Distributed Denial of Service is a big deal—huge pools of Internet of Things (IoT) devices, such as security cameras, are compromised by botnets and being used for large scale DDoS attacks. What are the tools in hand to fend these attacks off? The first misconception is that you can actually fend off a DDoS attack. There is no magical tool you can deploy that will allow you to go to sleep every night thinking, “tonight my network will not be impacted by a DDoS attack.” There are tools and services that deploy various mechanisms that will do the engineering and work for you, but there is no solution for DDoS attacks.
One such reaction tool is spreading the attack. In the network below, the network under attack has six entry points.
Assume the attacker has IoT devices scattered throughout AS65002 which they are using to launch an attack. Due to policies within AS65002, the DDoS attack streams are being forwarded into AS65001, and thence to A and B. It would be easy to shut these two links down, forcing the traffic to disperse across five entries rather than two (B, C, D, E, and F). By splitting the traffic among five entry points, it may be possible to simply eat the traffic—each flow is now less than one half the size of the original DDoS attack, perhaps within the range of the servers at these entry points to discard the DDoS traffic.
However—this kind of response plays into the attacker’s hand, as well. Now any customer directly attached to AS65001, such as G, will need to pass through AS65002, from whence the attacker has launched the DDoS, and enter into the same five entry points. How happy do you think the customer at G would be in this situation? Probably not very…
Is there another option? Instead of shutting down these two links, it would make more sense to try to reduce the volume of traffic coming through the links and leave them up. To put it more shortly—if the DDoS attack is reducing the total amount of available bandwidth you have at the edge of your network, it does not make a lot of sense to reduce the available amount of bandwidth at your edge in response. What you want to do, instead, is reapportion the traffic coming in to each edge so you have a better chance of allowing the existing servers to simply discard the DDoS attack.
One possible solution is to prepend the AS path of the anycast address being advertised from one of the service instances. Here, you could add one prepend to the route advertisement from C, and check to see if the attack traffic is spread more evenly across the three sites. As we’ve seen in other posts, however, this isn’t always an effective solution (see these three posts). Of course, if this is an anycast service, we can’t really break up the address space into smaller bits. So what else can be done?

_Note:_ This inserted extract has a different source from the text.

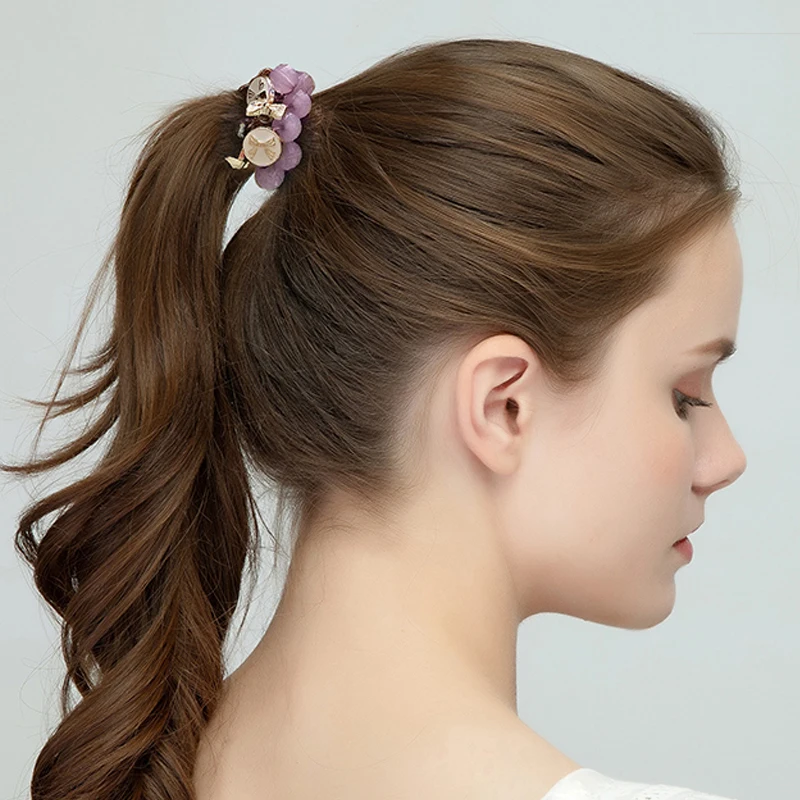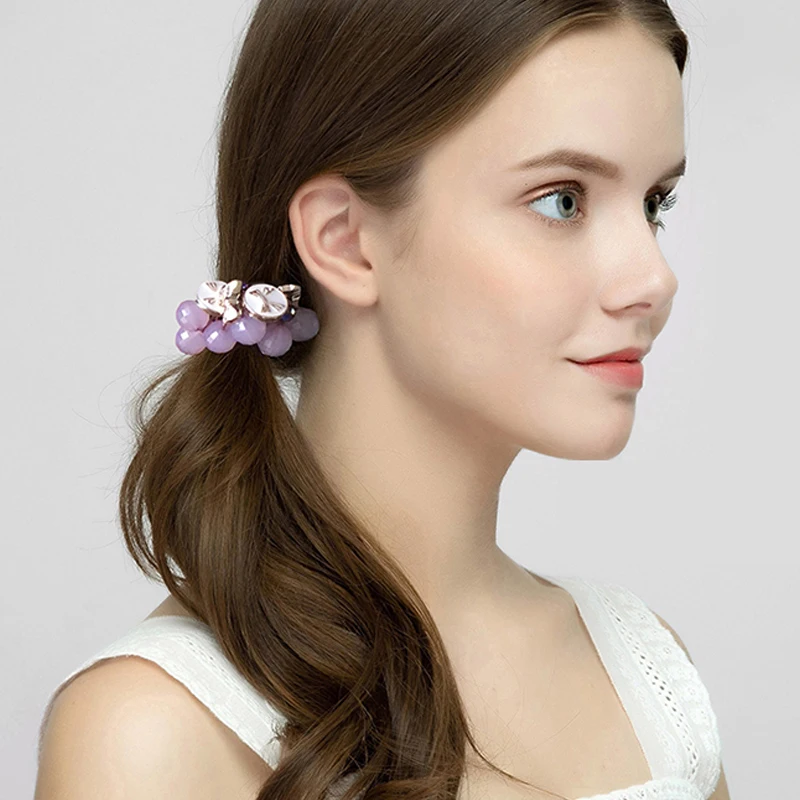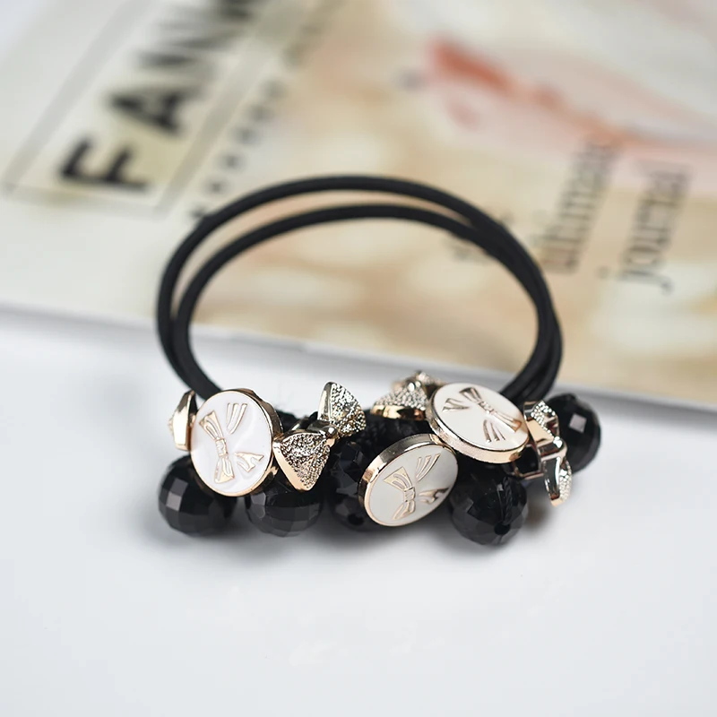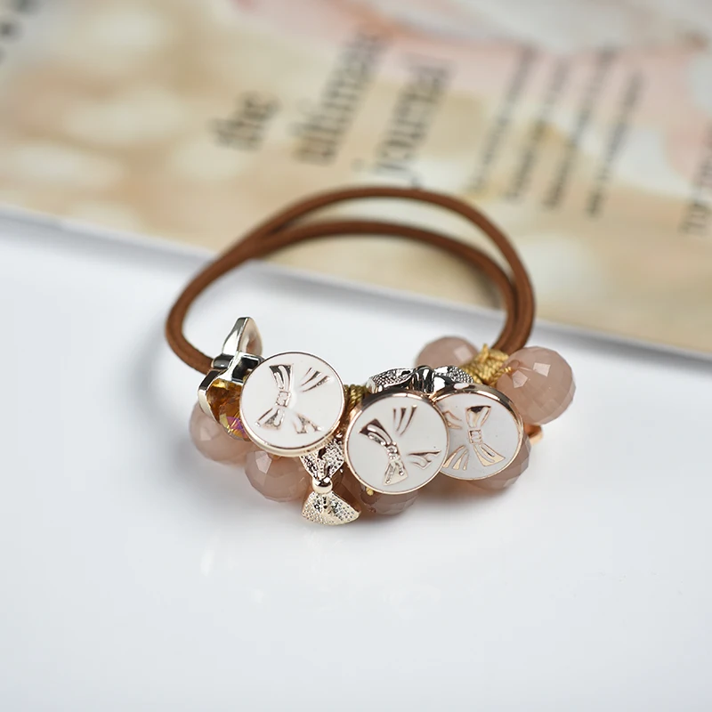 Женские аксессуары для волос, хрустальные резинки для волос с бусинами, резинки для волос с цветочным бантом, эластичные резинки для волос для девочек
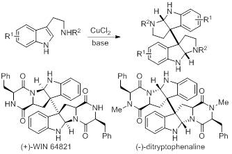 最近,夏成峰课题组在原先报道的二价铜引发自由基的研究基础上,又成功发展了一种二价铜介导的高效构建 3a,3a'-二聚吡咯吲哚骨架的新方法。该方法同样利用氯化铜引发自由基,经环化、二聚串联反应,一步高效地生成了 3a,3a'-二聚吡咯吲哚骨架,而且该方法的底物应用范围非常广泛。在自然界中同时存在 endo 和 exo 两种不同构型的 3a,3a'-二聚吡咯吲哚天然产物,已报道的方法无法立体选择性地进行合成。夏成峰带领的团队发现,通过简单更换侧链保护基,就能实现良好的 endo/exo 选择性。利用该方法,该团队只用了五步反应,就完成了复杂天然产物(+)-WIN 64821 和(-)-ditryptophenaline 的非对映选择性高效全合成。同时,该全合成路线能以克级规模进行,这为今后的动物实验提供了基础。

There is a way to do this with BGP—using communities to restrict the scope of the routes being advertised by A and B. For instance, you could begin by advertising the routes to the destinations under attack towards AS65001 with the
NO_PEER community. Given that AS65002 is a transit AS (assume it is for the this exercise), AS65001 would accept the routes from A and B, but would not advertise them towards AS65002. This means G would still be able to reach the destinations behind A and B through AS65001, but the attack traffic would still be dispersed across five entry points, rather than two. There are other mechanisms you could use here; specifically, some providers allow you to set a community that tells them not to advertise a route towards a specific AS, whether than AS is a peer or a customer. You should consult with your provider about this, as every provider uses a different set of communities, formatted in slightly different ways—your provider will probably point you to a web page explaining their formatting.
NO_PEER does not work, it is possible to use
NO_ADVERTISE, which blocks the advertisement of the destinations under attack to any of AS65001’s connections of whatever kind. G may well still be able to use the connections to A and B from AS65001 if it is using a default route to reach the Internet at large.
It is, of course, to automate this reaction through a set of scripts—but as always, it is important to keep a short leash on such scripts. Humans need to be alerted to either make the decision to use these communities, or to continue using these communities; it is too easy for a false positive to lead to a real problem.
Of course, this sort of response is also not possible for networks with just one or two connection points to the Internet.
But in all cases, remember that shutting down links the face of DDoS is rarely ever a real solution. You do not want to be reducing your available bandwidth when you are under attack specifically designed to exhaust available bandwidth (or other resources). Rather, if you can, find a way to disperse the attack.
P.S. Yes, I have covered this material before—but I decided to rebuild this post with more in depth information, and to use to kick off a small series on DDoS protection.